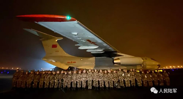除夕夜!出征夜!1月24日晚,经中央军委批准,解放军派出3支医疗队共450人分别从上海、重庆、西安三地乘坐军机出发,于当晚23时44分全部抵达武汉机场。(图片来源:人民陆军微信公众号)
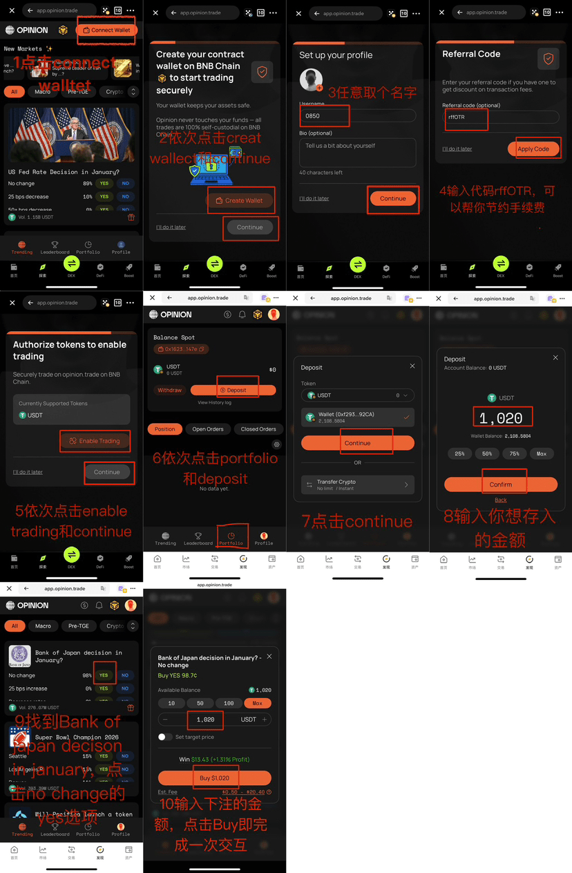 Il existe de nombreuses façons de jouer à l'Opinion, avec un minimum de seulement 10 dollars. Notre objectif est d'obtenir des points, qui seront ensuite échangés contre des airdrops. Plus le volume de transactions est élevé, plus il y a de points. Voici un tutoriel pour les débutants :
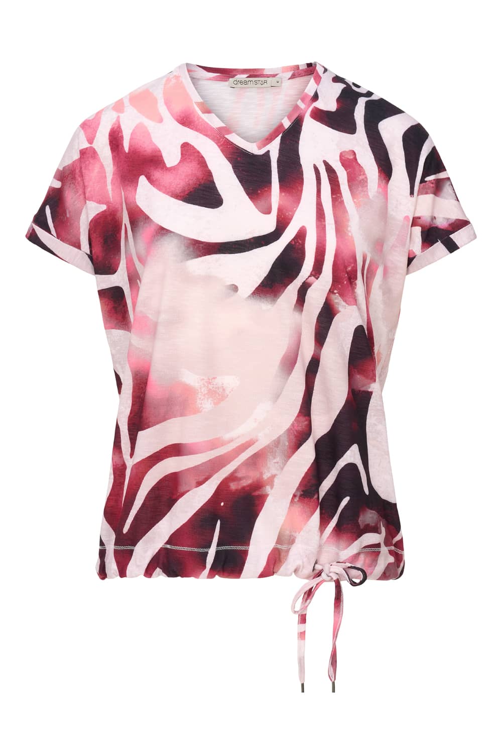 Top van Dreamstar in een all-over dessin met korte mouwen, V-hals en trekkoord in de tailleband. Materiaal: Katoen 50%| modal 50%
--
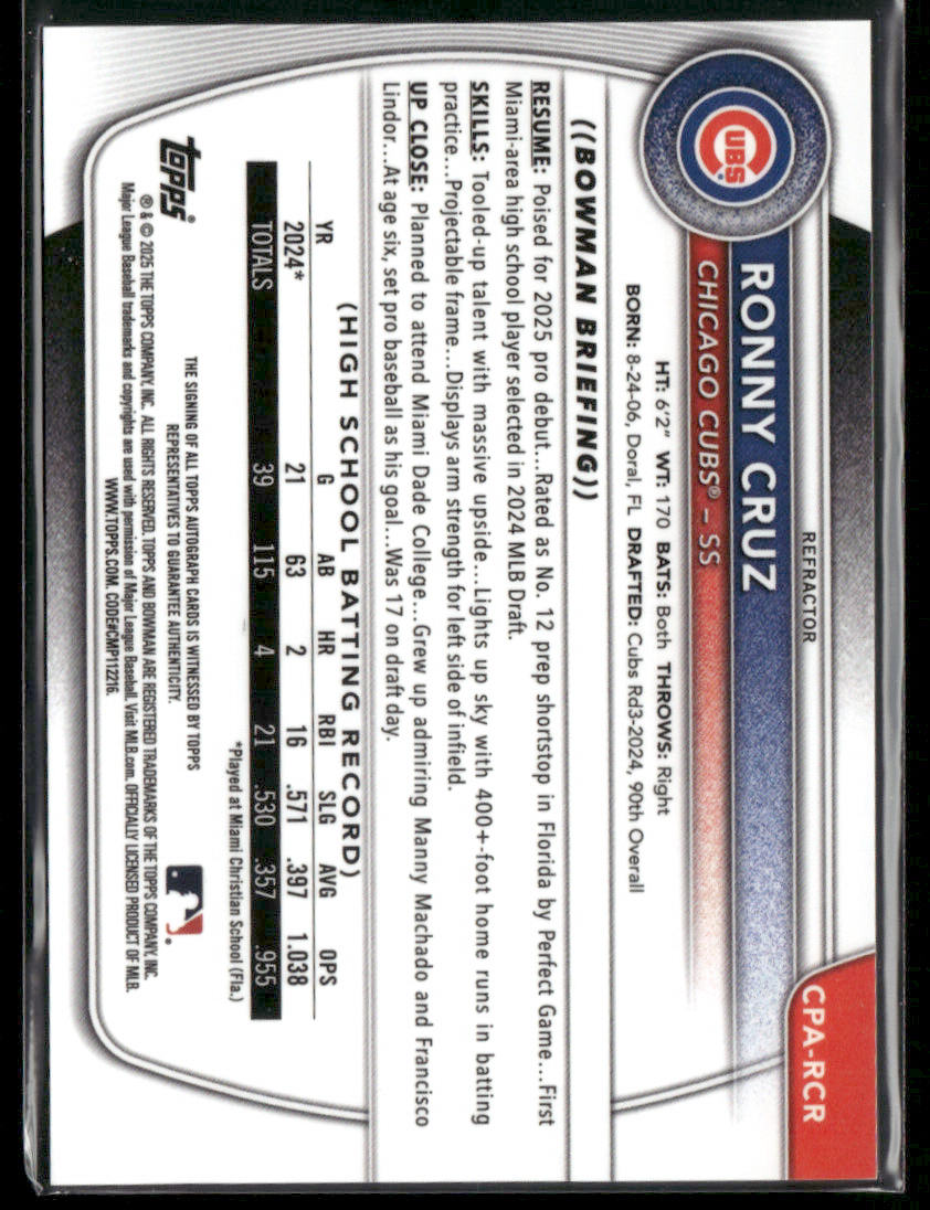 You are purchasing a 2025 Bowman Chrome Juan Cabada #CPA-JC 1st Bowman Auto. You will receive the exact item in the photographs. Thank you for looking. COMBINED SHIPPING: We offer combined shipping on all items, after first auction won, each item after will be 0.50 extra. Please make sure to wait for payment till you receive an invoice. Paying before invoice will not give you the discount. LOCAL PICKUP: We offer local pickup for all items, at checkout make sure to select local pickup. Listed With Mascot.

#### [Task details]
Everything above from the line that has "除夕夜!出征夜!1月24日晚" down to the line that has "Top van Dreamstar" should be output exactly, with both of those lines included. Leave the pictures behind.

#### [Answer area]
除夕夜!出征夜!1月24日晚,经中央军委批准,解放军派出3支医疗队共450人分别从上海、重庆、西安三地乘坐军机出发,于当晚23时44分全部抵达武汉机场。(图片来源:人民陆军微信公众号)
 Il existe de nombreuses façons de jouer à l'Opinion, avec un minimum de seulement 10 dollars. Notre objectif est d'obtenir des points, qui seront ensuite échangés contre des airdrops. Plus le volume de transactions est élevé, plus il y a de points. Voici un tutoriel pour les débutants :
 Top van Dreamstar in een all-over dessin met korte mouwen, V-hals en trekkoord in de tailleband. Materiaal: Katoen 50%| modal 50%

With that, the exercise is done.